# Exercise aim
An exact copy of the lines of the listing below between the "645 E/P 9 image1860" line and the "家賃保証加入要、業種相談、ト" line, both included, is the whole answer; please omit the pictures.

# Data under study
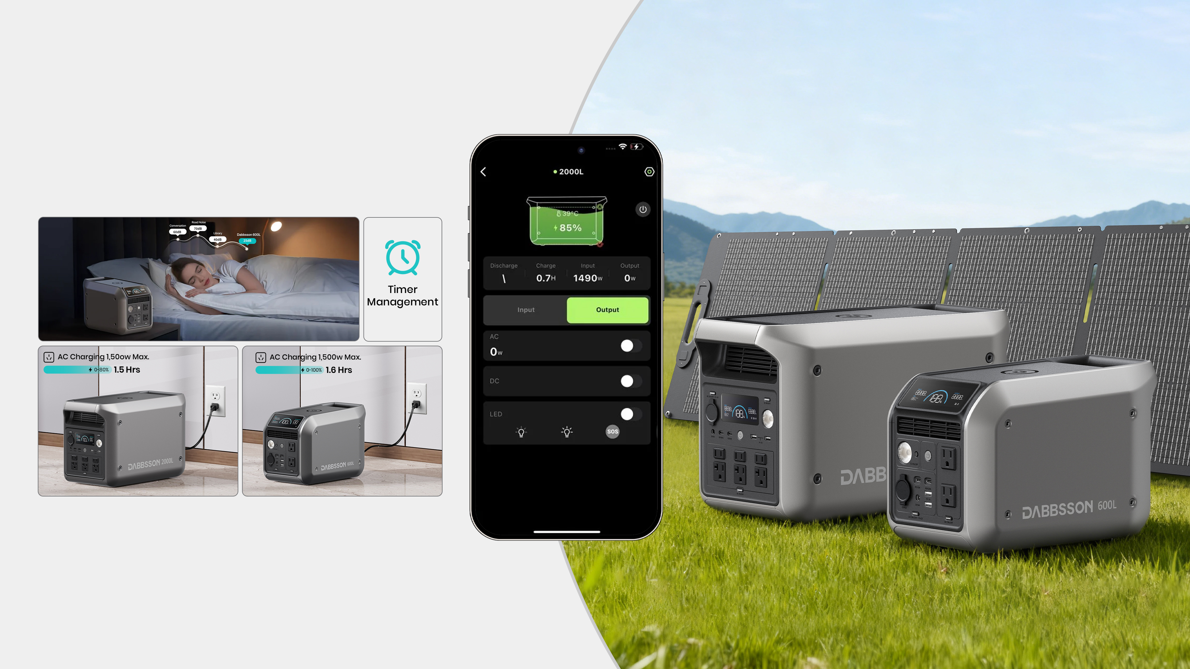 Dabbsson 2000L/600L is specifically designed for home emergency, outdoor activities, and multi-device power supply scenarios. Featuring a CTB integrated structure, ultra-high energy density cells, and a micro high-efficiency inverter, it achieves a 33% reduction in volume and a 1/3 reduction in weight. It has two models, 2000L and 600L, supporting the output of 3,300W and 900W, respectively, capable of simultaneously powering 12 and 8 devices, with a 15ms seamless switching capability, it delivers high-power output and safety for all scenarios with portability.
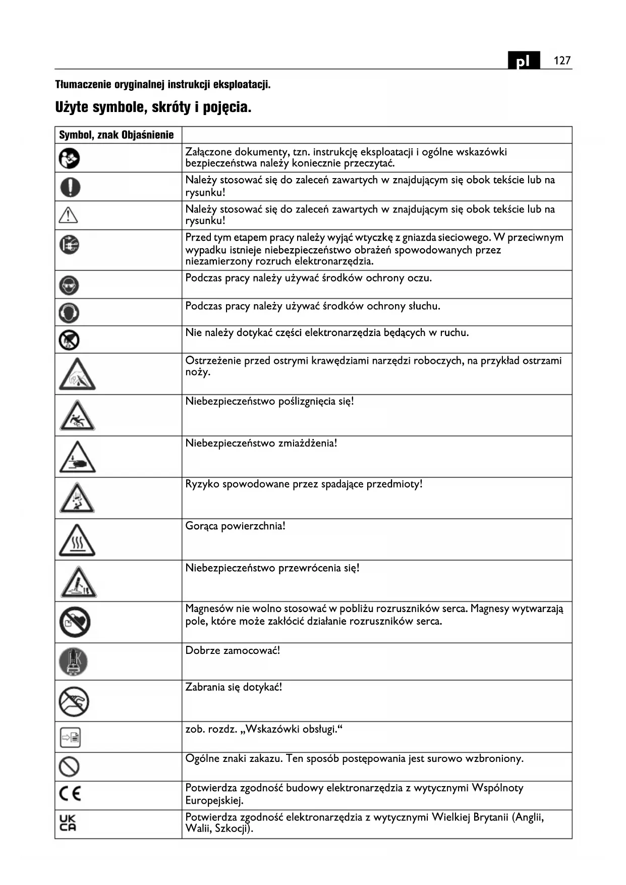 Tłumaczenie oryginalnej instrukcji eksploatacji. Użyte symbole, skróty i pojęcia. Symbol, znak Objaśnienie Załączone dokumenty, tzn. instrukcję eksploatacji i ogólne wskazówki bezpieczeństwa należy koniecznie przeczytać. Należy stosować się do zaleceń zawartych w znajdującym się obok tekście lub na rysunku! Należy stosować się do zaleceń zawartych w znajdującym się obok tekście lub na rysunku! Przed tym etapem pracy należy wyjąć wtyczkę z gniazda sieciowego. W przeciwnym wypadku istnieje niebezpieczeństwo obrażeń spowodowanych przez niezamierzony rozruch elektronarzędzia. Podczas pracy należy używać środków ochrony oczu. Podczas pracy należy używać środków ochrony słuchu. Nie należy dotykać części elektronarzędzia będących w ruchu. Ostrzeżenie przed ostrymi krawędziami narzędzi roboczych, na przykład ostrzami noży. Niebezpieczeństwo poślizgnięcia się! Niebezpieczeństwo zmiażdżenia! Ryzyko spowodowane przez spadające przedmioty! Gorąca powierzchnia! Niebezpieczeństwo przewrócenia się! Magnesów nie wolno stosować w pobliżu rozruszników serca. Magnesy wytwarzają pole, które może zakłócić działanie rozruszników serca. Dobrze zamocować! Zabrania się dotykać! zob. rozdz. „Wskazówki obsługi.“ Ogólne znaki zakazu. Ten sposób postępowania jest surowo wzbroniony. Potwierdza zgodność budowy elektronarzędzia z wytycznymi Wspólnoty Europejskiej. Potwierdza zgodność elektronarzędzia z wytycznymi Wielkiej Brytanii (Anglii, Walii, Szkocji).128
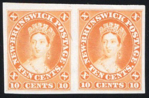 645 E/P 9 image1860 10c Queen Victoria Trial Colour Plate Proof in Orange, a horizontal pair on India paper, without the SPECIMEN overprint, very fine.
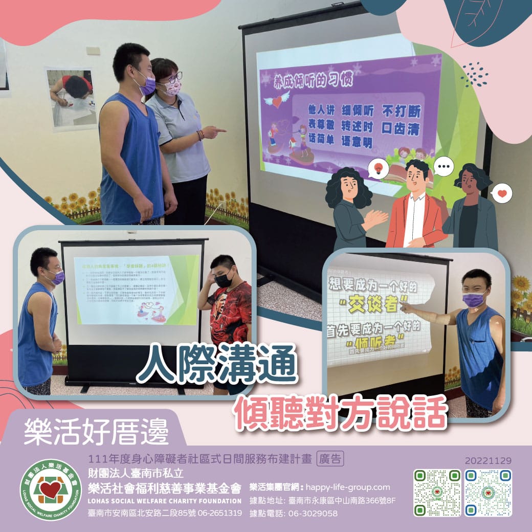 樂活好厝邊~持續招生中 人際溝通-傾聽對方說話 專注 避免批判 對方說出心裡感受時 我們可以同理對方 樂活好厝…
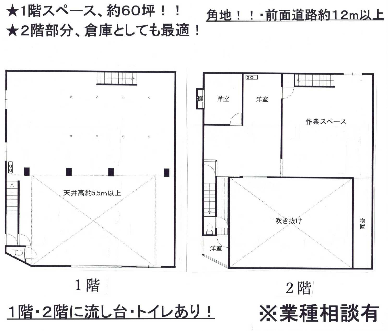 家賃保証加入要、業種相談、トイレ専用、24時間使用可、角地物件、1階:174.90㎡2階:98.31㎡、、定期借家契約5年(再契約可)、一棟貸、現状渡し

==

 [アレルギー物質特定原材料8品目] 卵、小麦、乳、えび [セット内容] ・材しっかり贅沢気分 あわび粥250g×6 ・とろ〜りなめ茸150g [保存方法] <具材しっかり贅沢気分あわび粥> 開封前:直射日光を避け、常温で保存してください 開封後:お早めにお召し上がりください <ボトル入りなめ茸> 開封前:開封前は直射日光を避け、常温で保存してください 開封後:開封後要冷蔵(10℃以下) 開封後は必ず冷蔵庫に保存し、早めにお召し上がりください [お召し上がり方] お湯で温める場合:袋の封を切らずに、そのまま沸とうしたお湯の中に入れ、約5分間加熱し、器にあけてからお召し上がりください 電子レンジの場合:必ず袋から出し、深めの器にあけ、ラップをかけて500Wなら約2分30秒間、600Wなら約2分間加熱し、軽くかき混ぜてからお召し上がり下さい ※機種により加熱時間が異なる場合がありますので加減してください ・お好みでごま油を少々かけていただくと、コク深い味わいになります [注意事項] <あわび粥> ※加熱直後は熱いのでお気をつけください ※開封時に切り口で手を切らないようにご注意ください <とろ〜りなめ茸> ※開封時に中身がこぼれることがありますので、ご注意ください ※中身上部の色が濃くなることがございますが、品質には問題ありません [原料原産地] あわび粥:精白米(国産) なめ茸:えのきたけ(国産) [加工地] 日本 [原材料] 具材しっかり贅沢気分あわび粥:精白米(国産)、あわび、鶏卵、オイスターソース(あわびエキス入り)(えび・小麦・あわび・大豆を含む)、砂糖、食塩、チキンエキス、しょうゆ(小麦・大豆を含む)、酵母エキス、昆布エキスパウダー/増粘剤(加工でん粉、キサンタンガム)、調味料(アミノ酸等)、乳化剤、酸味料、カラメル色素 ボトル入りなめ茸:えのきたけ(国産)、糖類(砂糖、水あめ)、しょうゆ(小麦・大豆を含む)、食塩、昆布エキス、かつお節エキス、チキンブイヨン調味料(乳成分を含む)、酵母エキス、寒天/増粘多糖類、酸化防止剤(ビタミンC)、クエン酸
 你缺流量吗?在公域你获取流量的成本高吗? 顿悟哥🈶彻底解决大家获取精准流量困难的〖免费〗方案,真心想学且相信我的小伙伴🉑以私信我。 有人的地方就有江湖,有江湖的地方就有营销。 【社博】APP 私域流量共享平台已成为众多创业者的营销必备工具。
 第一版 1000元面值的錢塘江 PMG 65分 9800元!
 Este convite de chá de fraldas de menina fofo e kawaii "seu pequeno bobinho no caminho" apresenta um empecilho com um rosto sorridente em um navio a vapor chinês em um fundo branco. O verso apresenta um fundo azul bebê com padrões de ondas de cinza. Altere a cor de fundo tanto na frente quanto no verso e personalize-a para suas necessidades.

* * *

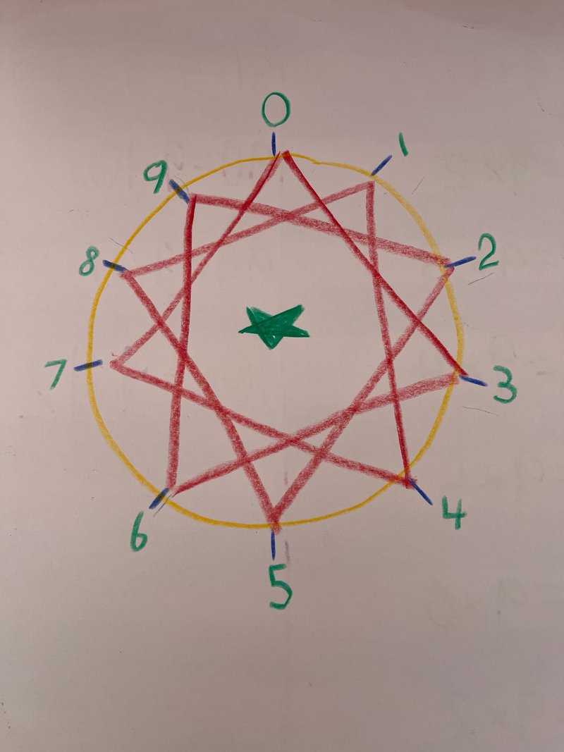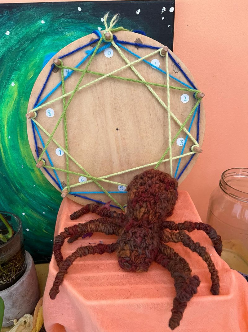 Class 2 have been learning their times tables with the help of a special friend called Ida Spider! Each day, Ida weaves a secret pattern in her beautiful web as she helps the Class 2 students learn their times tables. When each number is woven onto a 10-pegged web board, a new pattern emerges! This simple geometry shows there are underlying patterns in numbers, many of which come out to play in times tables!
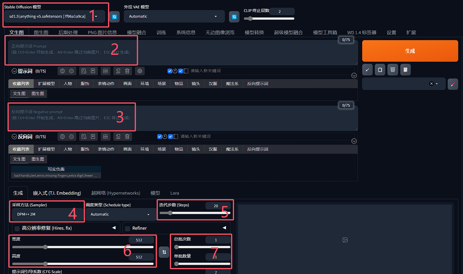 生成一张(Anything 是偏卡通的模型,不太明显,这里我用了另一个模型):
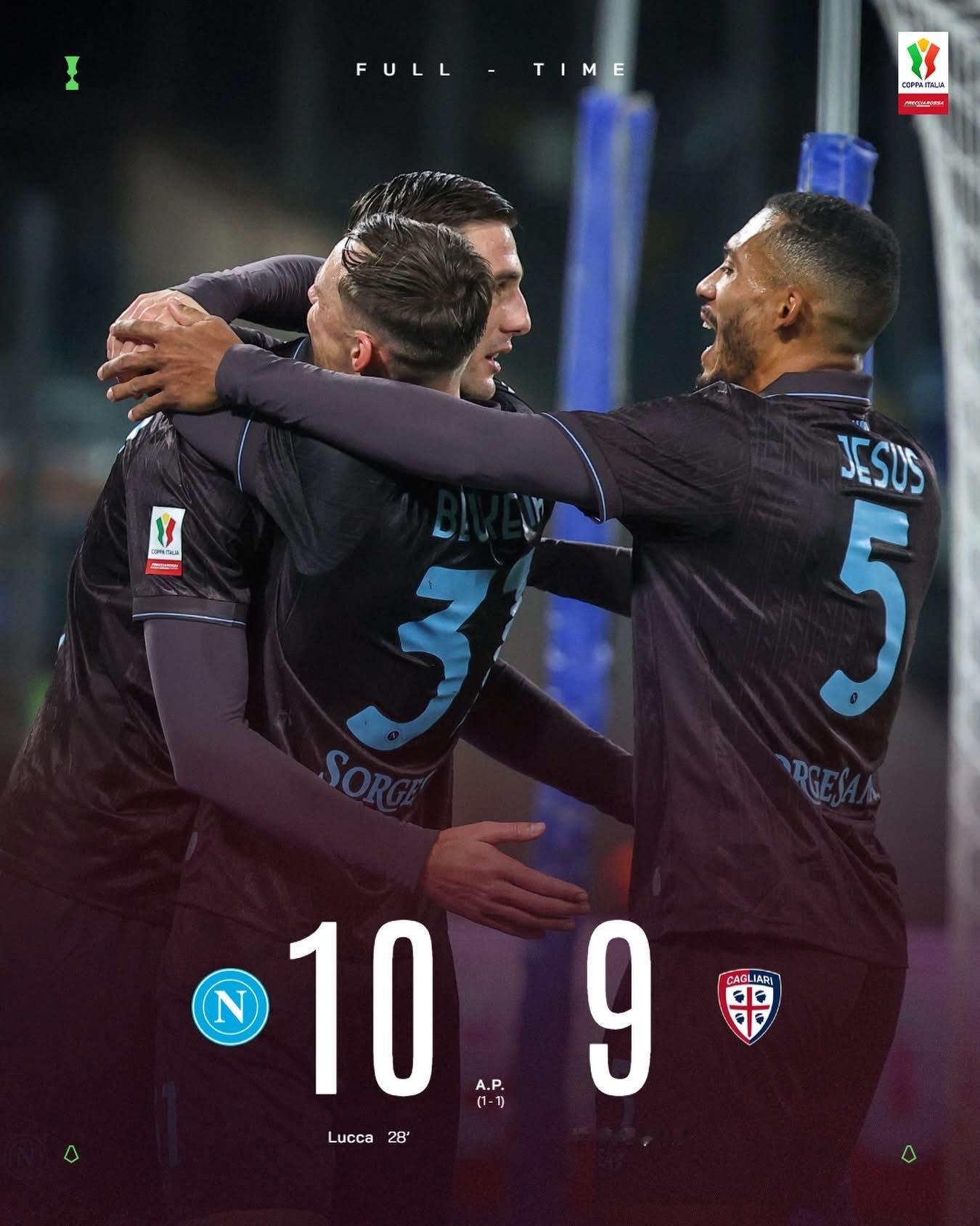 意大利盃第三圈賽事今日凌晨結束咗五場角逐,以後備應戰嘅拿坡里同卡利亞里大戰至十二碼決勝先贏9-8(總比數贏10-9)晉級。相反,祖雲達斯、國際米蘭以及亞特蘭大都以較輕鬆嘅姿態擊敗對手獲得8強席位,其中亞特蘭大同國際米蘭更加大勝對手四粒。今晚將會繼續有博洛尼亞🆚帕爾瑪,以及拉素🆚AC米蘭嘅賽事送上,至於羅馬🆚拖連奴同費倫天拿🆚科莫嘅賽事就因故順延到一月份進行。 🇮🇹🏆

# Task result
 645 E/P 9 image1860 10c Queen Victoria Trial Colour Plate Proof in Orange, a horizontal pair on India paper, without the SPECIMEN overprint, very fine.
 樂活好厝邊~持續招生中 人際溝通-傾聽對方說話 專注 避免批判 對方說出心裡感受時 我們可以同理對方 樂活好厝…
 家賃保証加入要、業種相談、トイレ専用、24時間使用可、角地物件、1階:174.90㎡2階:98.31㎡、、定期借家契約5年(再契約可)、一棟貸、現状渡し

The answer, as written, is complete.